Facebook's directory
#1
Before continue reading, grab the torrent and start downloading.
magnet link:
Code:
magnet:?xt=urn:btih:715e5820f10df054cff37f791bfbd4a29504598d&dn=fbdir&tr=udp://open.demonii.com:1337&tr=udp://tracker.coppersurfer.tk:6969&tr=udp://tracker.leechers-paradise.org:6969&tr=udp://exodus.desync.com:6969

Facebook keeps a public directory [1] of every account which hasn't opted out (somewhere in the settings).
I don't own a Facebook account so I can't tell you where to change this setting.
If that sounds familiar to you it might be because Ron Bowes crawled this directory a couple of years ago [2]
However it got a log bigger since then, so I decided to get a copy of it myself.
It took about two weeks and a lot of bandwidth to accomplish that therefore I'm not recomending you to do it youself.
That's why I'm sharing it here in the first place.

You'll find two compressed archives in the torrent.
raw.tar.xz contains all data I've crawled
Here's an example of Mark Zuckerberg's (yes he's in there) data to get an idea of the format.
Code:
zuck;Mark Zuckerberg
"zuck" is the Facebook alias, username or whatever they call it.
"Mark Zuckerberg" is of course the name.
If no alias is set then the first column is the ID of the account.

processed.tar.xz
First I used names from the names and names non-latin directory which only had one space.
Then I split them into first and lastnames, counted the occurrence and finnaly sorted them.
The result looks like this:
Code:
2624503 david
2381129 maria
2258886 john
2174816 daniel
1980513 michael
1825282 alex
1692624 ali
1685169 ahmed
1663437 carlos
1663132 mohamed

Why the heck did I post it here?
It's common that users choose their passwords with a name as base and add numbers, etc.
So get the names, add some rules and have fun.

[1] https://www.facebook.com/directory
[2] https://blog.skullsecurity.org/2010/retu...-snatchers


Attached Files
.zip   fbdir.zip (Size: 83.57 KB / Downloads: 203)
#2
VERY nice think.
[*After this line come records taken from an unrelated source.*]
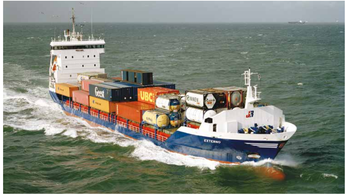
Container vessels with excellent properties and a high service speed. Builder: Scheepswerf Bijlsma in 2001.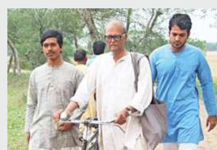
Rupsha Nodir Baanke

Due to various allegations, Bangladesh Chalachitro Shilpi Samity President Misha Sawdagar and General Secretary Zayed Khan were boycotted by 18 organisations. The organisations held a meeting, where they came to a decision to send a written application to BFDC's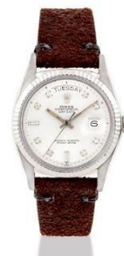
ROLEX DAY-DATE DIAMOND-SET DIAL, REF. 1803 HK$55,000–75,000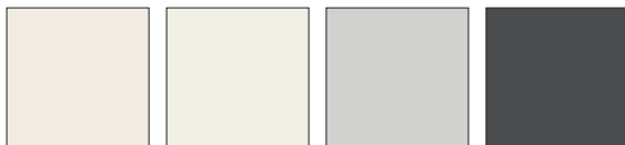
AdA-53-12 (1/32") AdA-53 (1/16") Almond AdA-58-12 (1/32") AdA-58 (1/16") Pumice AdA-31-12 (1/32") AdA-31 (1/16") Pewter AdA-10-12 (1/32") AdA-10 (1/16") Dark Grey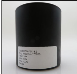
Before Burn Front - Sample 2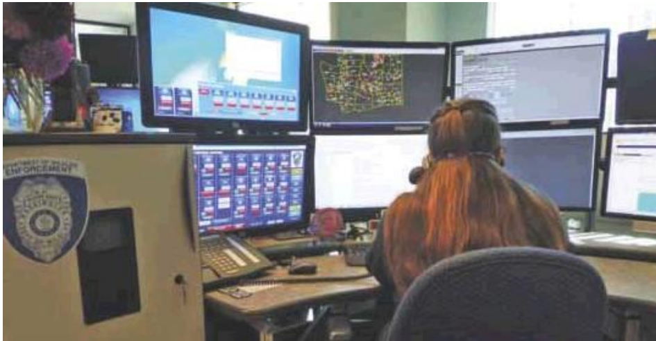
WILDCOMM Dispatch in Olympia

communications between its headquarters in Olympia, its statewide local and regional offices, and more than 150 field officers patrolling some of the most rugged, isolated geography in the United States. With a modest budget to meet those enormous needs, the department turned to Kenmore, Washington-based Phase 4 Design, which specializes in advanced radio communications solutions.

I also want do somethink like that but as You say its a lot o bandwith
TY very mutch
#3
Interesting, thanks for this. Should be good for making wordlists as you pointed out.
#4
thx dl it and check it out later , i M gespannt.
#5
Bout time this was re-done.

Well done that man.
#6
Thanks for the feedback and I'm glad you like it!
ati6990: you're willkommen Wink

All I did was doing a lot of HTTP GET requests on a public part of facebook.com, parsing the result and store them into files.
I want to make that clear before anyone (not from this community) is accusing me of "hacking" Facebook.
I'll write more about it in a later post.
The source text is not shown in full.